Craig and Ford are the narrative focal points, and Wilde to a lesser extent. All three of them are more than they first appear. Wilde is in a category all her own, about which I’ll say no more. Neither of the fellas is exactly admirable. The preacher could have been talking about either one when he uttered this astute observation: “I’ve seen good men do bad things and bad men do good things.” Are our heroes bad or good? Both of them experience a change by the end of the picture. Their sufferings and their losses are redemptive.
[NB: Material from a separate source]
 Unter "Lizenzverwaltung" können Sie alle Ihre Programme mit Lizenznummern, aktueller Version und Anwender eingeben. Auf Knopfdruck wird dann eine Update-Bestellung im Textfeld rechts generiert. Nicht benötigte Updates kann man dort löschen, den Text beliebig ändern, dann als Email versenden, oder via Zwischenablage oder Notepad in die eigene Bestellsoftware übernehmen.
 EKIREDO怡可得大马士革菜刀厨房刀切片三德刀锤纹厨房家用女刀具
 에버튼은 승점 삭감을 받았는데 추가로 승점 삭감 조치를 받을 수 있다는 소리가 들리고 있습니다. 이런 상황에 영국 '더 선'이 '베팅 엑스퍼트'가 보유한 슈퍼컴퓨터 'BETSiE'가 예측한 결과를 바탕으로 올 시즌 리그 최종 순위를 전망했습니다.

Most of the jabbering in the press is about the genre-bending mashup of the western and science fiction. There’s at least one other genre that should get factored into the equation: horror. If you think a move called Cowboys and Aliens sounds like kid’s stuff, be careful. This is not a movie for little children. The monsters are genuinely frightening at times and truly revolting all the time. There are several jump scares and there are scenes of torture and grisly violence. Alien abductions constitute a spooky sub-genre of horror and this movie goes there (cf. Fire in the Sky (1993) and The Fourth Kind (2009) et al.).
One moment struck me as particularly poignant. When Craig finds the pile of gold watches and other personal items of abductees, it resembled a scene from the Holocaust Museum in Washington D.C. The nazis collected the valuables of the concentration camp prisoners into piles. This hints at the possibility of genocide or human extinction. It also suggests that otherworldly monsters are not the only ones we need to worry about. I realize I’m reading between the lines, but I don’t think I’m pressing the imagery too far.
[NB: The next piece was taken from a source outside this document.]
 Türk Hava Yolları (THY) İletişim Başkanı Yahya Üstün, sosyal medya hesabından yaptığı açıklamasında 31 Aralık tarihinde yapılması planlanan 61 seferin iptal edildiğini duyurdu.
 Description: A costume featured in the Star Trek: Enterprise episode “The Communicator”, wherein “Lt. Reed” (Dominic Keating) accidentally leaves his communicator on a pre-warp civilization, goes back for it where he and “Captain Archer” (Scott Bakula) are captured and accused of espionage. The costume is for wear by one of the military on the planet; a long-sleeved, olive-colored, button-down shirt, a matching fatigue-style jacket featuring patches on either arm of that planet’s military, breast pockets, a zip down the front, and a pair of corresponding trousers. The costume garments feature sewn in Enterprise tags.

In earlier decades, filmmakers faced what they called the “monster problem.” That is to say, you had to have a creature that looked real enough to produce the intended effect. You didn’t want to get everyone all geared up to see a nasty beastie, only to reveal a man in a rubber suit. Having people laugh at your monster is not desirable. Personally, I prefer old-school physical special effects whenever possible, but there are limits to what you can do without CGI. C&A utilized both to the optimum effect.
There were many moments that called to mind sci-fi films that preceded it. The abductees returning, for instance, reminded me of a similar moment in Close Encounters of the 3rd Kind. A hat tip to Steven Spielberg, one of the several top shelf executive produces of C&A?
Cowboys and Aliens is a fun adventure. So many things about it make it cooler than other blockbusters this summer, not the least of which is the cast. Jon Favreau, the director, is not known for helming subtle thinky pictures, but he does know how to punch you the face with a good time.
What we have here is primarily a blistering fun time, not a message movie. But if you will indulge this reviewer, one moral of this story seems to be that people can change. It might just be that we need an impending global catastrophe to get us to wake up. When the threat is great enough, even cowboys and indians will put aside their differences and work together. Don’t waste your days on things that don’t matter. Chasing gold is futile. Family counts. Community counts. Even religious faith is given a nod. And learn to give your brother a chance. The town is named Absolution after all.